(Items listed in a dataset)
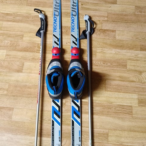 Myydään hyväkuntoinen suksipaketti lapselle perinteiseen hiihtoon. Kouluhiihto/koululiikunta/ hiihto.
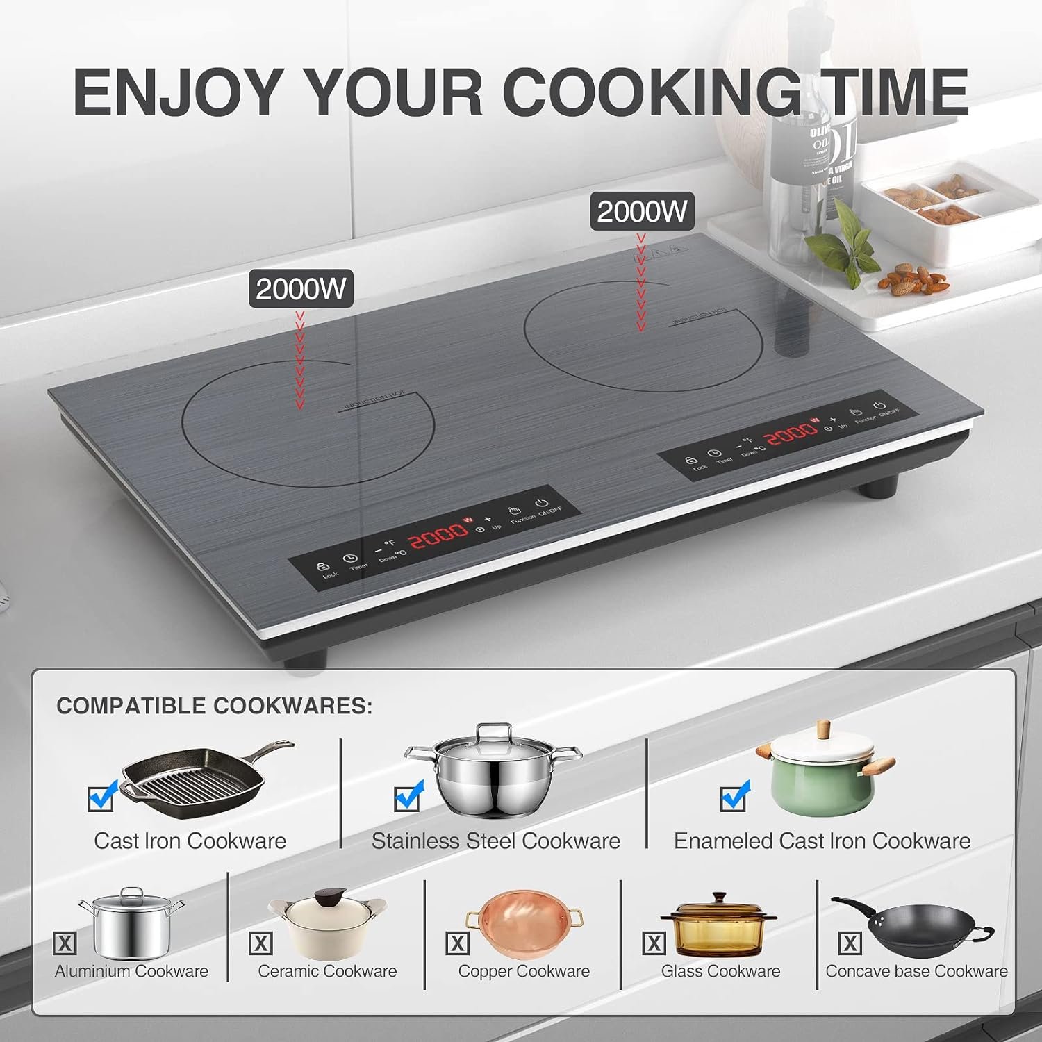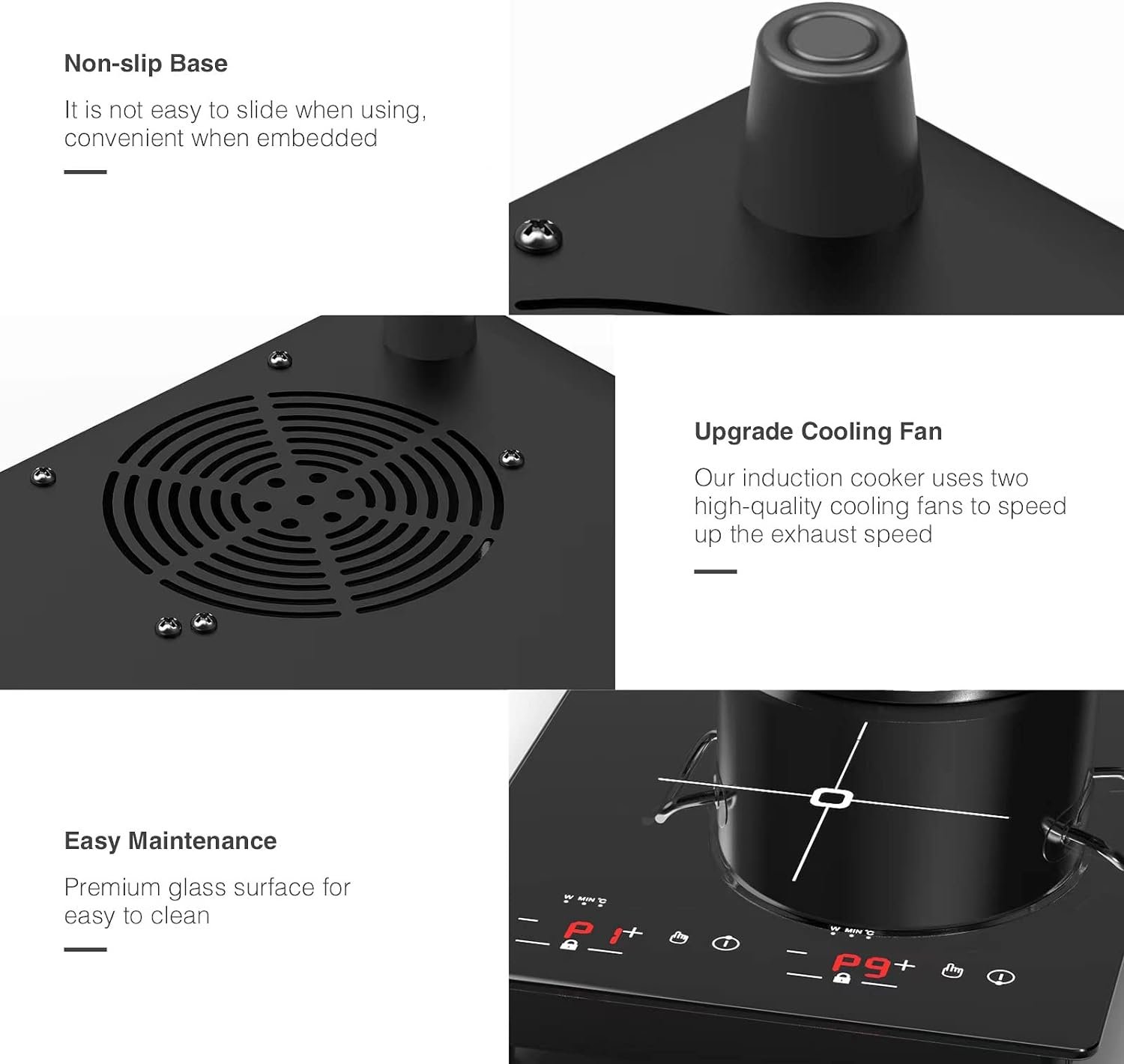 【Wide Range of Application】 This induction cooker is compatible with cast iron, iron, magnetic steel, enameled iron, stainless steel manufactured with a magnetic bottom. Low and high-pressure alarm system.
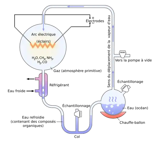 En 1953, Stanley Miller, accompagné de Harold Urey, a voulu reproduire les conditions de la Terre primitive. Ils ont enfermé dans un ballon des gaz (méthane CH4, ammoniac NH3, hydrogène H2, carbone CO et eau H2O) et soumis le mélange à des décharges électriques pendant sept jours.
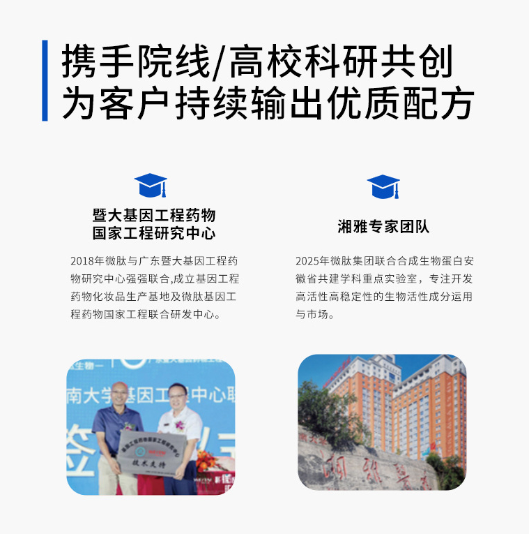 - 研发团队:代工厂需具备专业研发人员,能够持续优化配方与工艺。例如,微肽生物的研发团队与暨南大学基因药物工程研究中心合作,开发出小分子肽类原料,应用于创面愈合、抗衰等领域,并拥有多项自主专利。
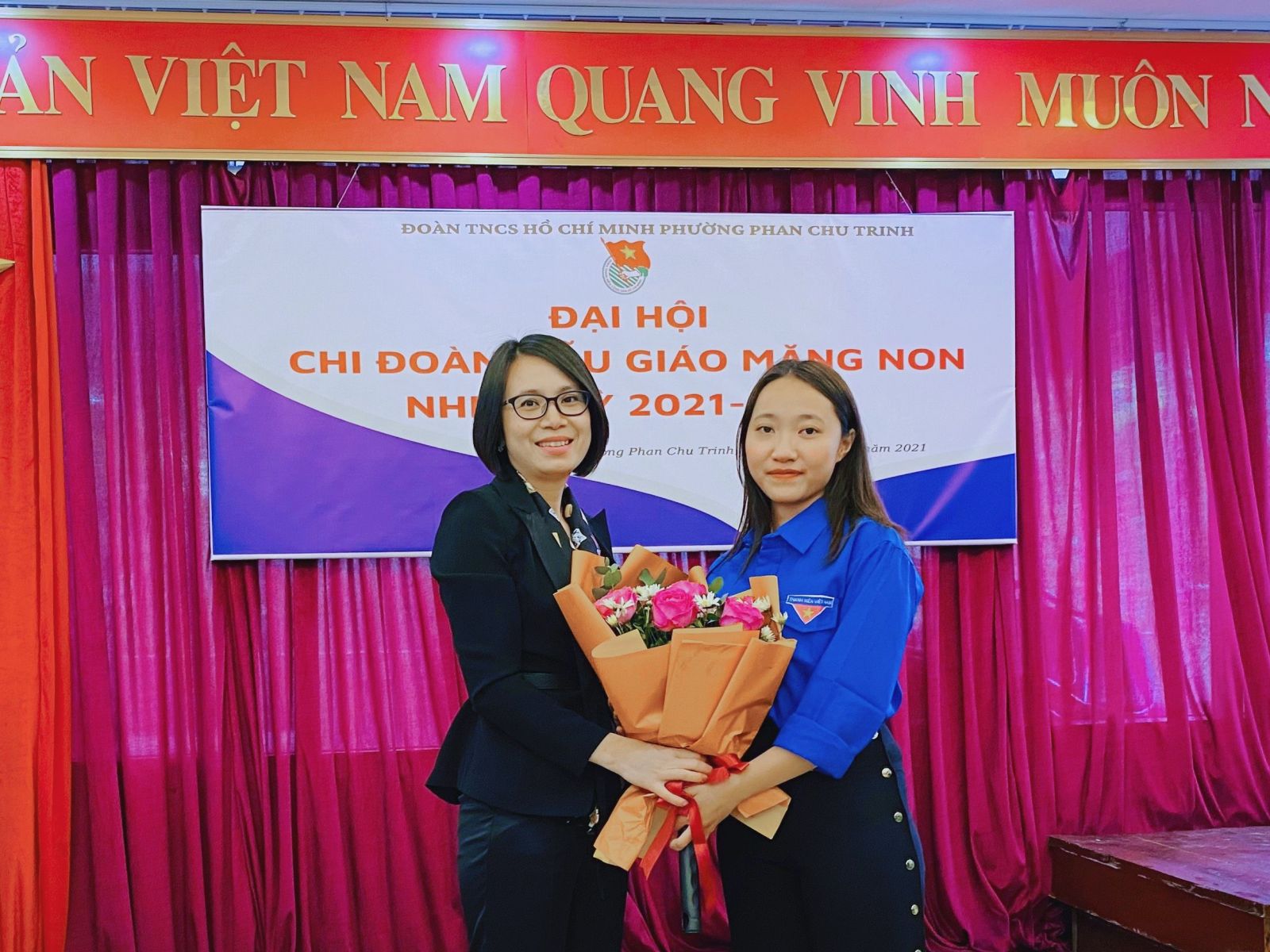 Đồng chí Nguyễn Thị Phương Lan - Bí thư chi bộ tặng hoa chúc mừng Chi Đoàn

To do =
Retype the line containing "- 研发团队:代工厂需具备专" and each line after it through the last line of the entries above, exactly, with no pictures and nothing else.

Exercise output =
 - 研发团队:代工厂需具备专业研发人员,能够持续优化配方与工艺。例如,微肽生物的研发团队与暨南大学基因药物工程研究中心合作,开发出小分子肽类原料,应用于创面愈合、抗衰等领域,并拥有多项自主专利。
 Đồng chí Nguyễn Thị Phương Lan - Bí thư chi bộ tặng hoa chúc mừng Chi Đoàn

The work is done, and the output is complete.